▸ **Assigned task**: Repeat, word for word, every line from the line holding "Read moreI came" through the final line of the entries below. Skip all pictures.

▸ **Data extracts**:
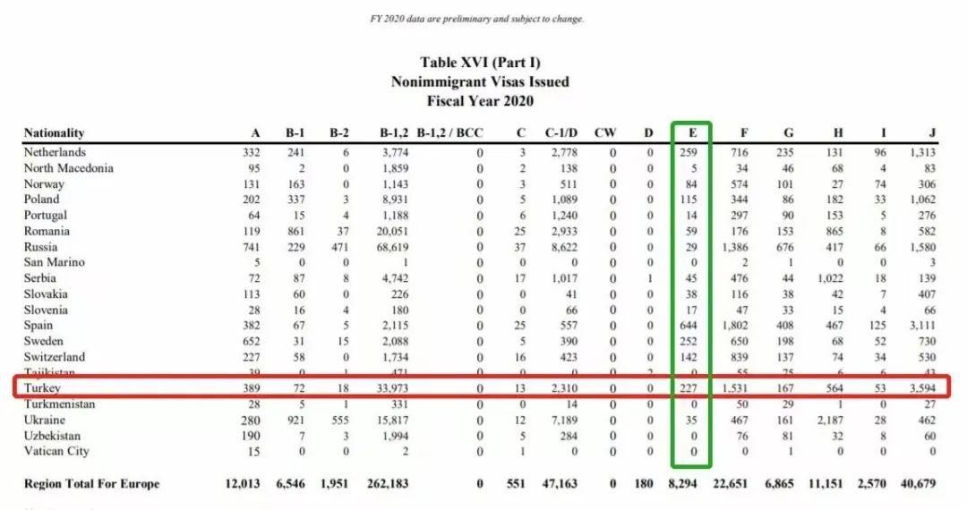 数据显示,E2签证是美国拒签率较低的签证,土耳其护照是上佳跳板
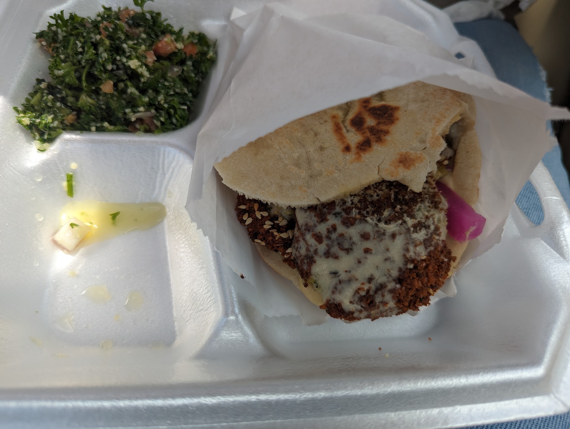 Read moreI came by this past Friday at around 1:15pm. When I walked in there were 3 or 4 women working. Before greeting me they talked off handedly between themselves. I felt uncomfortable because even though I was the only one there it took several mins for anyone to say anything to me. Just looked at me. Then one woman asked what I wanted and I started to order. Then she said with snarky look one min. Then the lady right next to her said what do you want? So rude. The next customer was a man and they were so welcoming the min he stepped in as well as the guests behind him. The falafel pita was good but the amount of taboulah I received as a side was sad. These women are rude as hell and should never be in customer service. They seem racist. Wonder if that's why they had to hang the all inclusive poster that is obviously not genuine. If you don't like Americans the leave the country. We dont want that here...we are all different and here that is good. I'll never ever come back was even worried they might have messed...
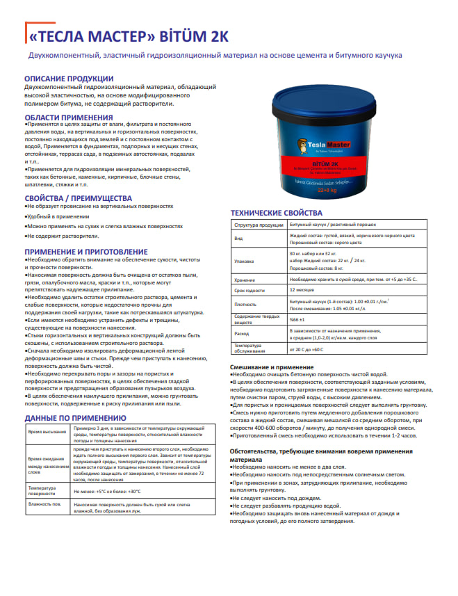 ТЕСЛА МАСТЕР BİTUM 2K двухкомпонентная гидроизоляция в Ташкенте
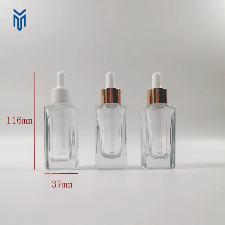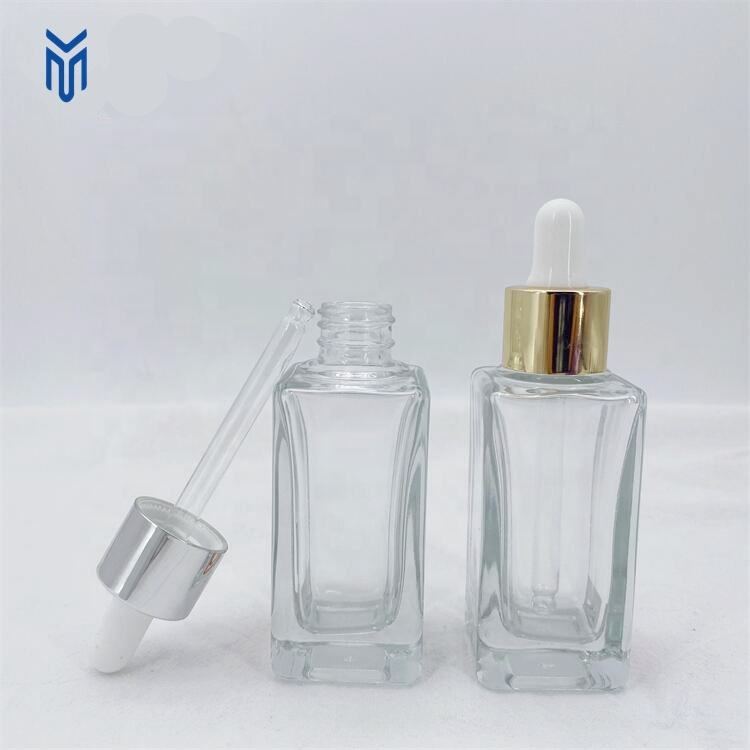 Luxury 40ml Thick Bottom square Foundation Bottle Essential Oil serum Glass Bottle Essence Dropper Bottle
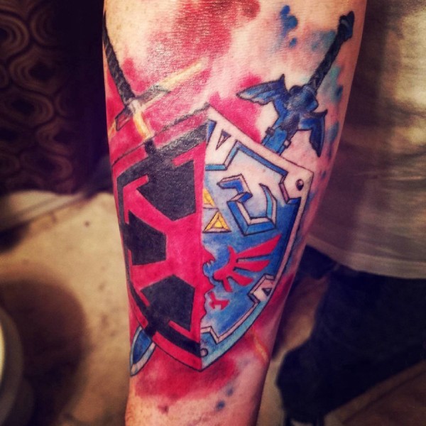 手臂纹身图片 男生手臂上彩色的盾牌纹身图片

▸ **Your solution**:
 Read moreI came by this past Friday at around 1:15pm. When I walked in there were 3 or 4 women working. Before greeting me they talked off handedly between themselves. I felt uncomfortable because even though I was the only one there it took several mins for anyone to say anything to me. Just looked at me. Then one woman asked what I wanted and I started to order. Then she said with snarky look one min. Then the lady right next to her said what do you want? So rude. The next customer was a man and they were so welcoming the min he stepped in as well as the guests behind him. The falafel pita was good but the amount of taboulah I received as a side was sad. These women are rude as hell and should never be in customer service. They seem racist. Wonder if that's why they had to hang the all inclusive poster that is obviously not genuine. If you don't like Americans the leave the country. We dont want that here...we are all different and here that is good. I'll never ever come back was even worried they might have messed...
 ТЕСЛА МАСТЕР BİTUM 2K двухкомпонентная гидроизоляция в Ташкенте
 Luxury 40ml Thick Bottom square Foundation Bottle Essential Oil serum Glass Bottle Essence Dropper Bottle
 手臂纹身图片 男生手臂上彩色的盾牌纹身图片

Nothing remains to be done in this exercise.